Question

What is the end error in meter bridge ? How to overcome it ? The resistances in two arms of meter bridge are $R = 5\Omega$ and S respectively when resistance S is shunted with equal resistance, the new balancing length found to be $1.5\ell$, where $\ell$, is initial balancing length. Calculate value of S.

Answer 1

A meter bridge end error occurs due to shifting of zero. We will write the proper definition in the solution section. Here we can understand what is the end error in simple language.See, we need to stretch the 1m wire in between two clamps so, to fix the wire we will make a loop on both the sides around the clamping screw. So a little length of wire can be more or less on both sides.And now the effective lengths of the meter bridge can be $< / >$ 1 meter.

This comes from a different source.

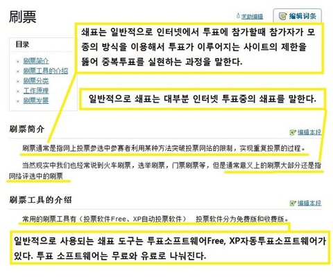 coo-kie限制(쿠키제한),SESSION限制(SESSION제한),IP限制(제한),资料(比如身份证限制)자료 예를들어 주민등록증 제한,手机限制(短信投票)휴대폰인증제한,验证码限制인증코드제한 등 투표싸이트 제한을 돌파해서 중복투표하는 과정을 말함. 투표싸이트 제한이라고 했지 쿠키제한이라고 하지 않았죠 장어님들??? 제멋대로 注释를달고 그러네요 이것도 엄연히 조작입니다..

Complete step by step answer:
End error : The shifting of zero of the scale at different points as well as the stray resistance due to non-uniformity of metal wire gives rise to end error in meter bridge.
How to overcome and error
End error can be removed by repeating the experiment by interchanging unknown and known resistance and finally taking the mean value of resistance obtained in each experiment.
Now we will solve the second part of the given question.
It is given that resistance of two arms are $R = 5\Omega$ and $S\Omega$
By wheatstone bridge principle
$\dfrac{R}{S} = \dfrac{{{\ell _1}}}{{100 - {\ell _1}}}$
Where ${\ell _1}$ and $100 - {\ell _1}$ are AD and DB respectively.
So, $\dfrac{R}{{{\ell _1}}} = \dfrac{S}{{100 - {\ell _1}}}$ …..(1)
After showing resistance S by equal resistance, the new balancing length is $1.5\ell$. Here shunting is connecting parallel resistance.
So, after shunting :
Now resistance, $S' = \dfrac{1}{S} + \dfrac{1}{S} = \dfrac{2}{S}$
Or, $S' = \dfrac{S}{2}$
It is given that now balancing length is $1.5{\ell _1}$.
Using whether stone bridge principle, $\dfrac{R}{{S'}} = \dfrac{{\ell i}}{{(100 - \ell i)}}$
Or, $\dfrac{R}{{\ell i}} = \dfrac{{S'}}{{(100 - \ell i)}}$
Here, $\ell _1^2 = 1.5{\ell _1}$ $S' = \dfrac{S}{2}$
So, $\dfrac{R}{{1.5{\ell _1}}} = \dfrac{{S/2}}{{(100 - 1.5{\ell _1})}}$
$\Rightarrow \dfrac{R}{{{\ell _1}}} = \dfrac{{1.5 \times S}}{{2(100 - 1.5{\ell _1})}}$ …..(2)
From equation (1) and (2)
$\Rightarrow \dfrac{R}{{{\ell _1}}} = \dfrac{S}{{100 - {\ell _1}}} = \dfrac{{1.5 \times S}}{{2(100 - 1.5{\ell _1})}}$
$\Rightarrow \dfrac{1}{{100 - {\ell _1}}} = \dfrac{{1.5}}{{2(100 - 1.5{\ell _1})}}$
$\Rightarrow 2(100 - 1.5{\ell _1}) = 1.5(100 - {\ell _1})$
$\Rightarrow 200 - 3.0{\ell _1} - 150 - 1.5{\ell _1}$
$\Rightarrow 50 = 1.5{\ell _1}$
$\Rightarrow {\ell _1} = \dfrac{{50}}{{1.5}} = \dfrac{{500}}{{15}}$
$\Rightarrow {\ell _1} = \dfrac{{100}}{3}cm$ …..(3)
By substituting value of ${\ell _1}$ from equation (3)
In equation (1) i.e., $\dfrac{R}{{{\ell _1}}} = \dfrac{S}{{(100 - {\ell _1})}}$
$\Rightarrow \dfrac{R}{{(100/3)}} = \dfrac{S}{{\left[ {100 - \dfrac{{100}}{3}} \right]}}$
It is given that $R = 5\Omega$
$\Rightarrow \dfrac{{5 \times 3}}{{100}} = \dfrac{{3S}}{{(300 - 100)}}$
$\Rightarrow \dfrac{{15}}{{100}} = \dfrac{{3S}}{{200}}$
$\Rightarrow 5 = \dfrac{S}{2}$
$\Rightarrow S = 10\Omega$
Therefore the value of S is $10\Omega$.

Note: To get balancing length of meter bridge, deflection in galvanometer should be 0. Only then we can use the formula of wheatstone bridge.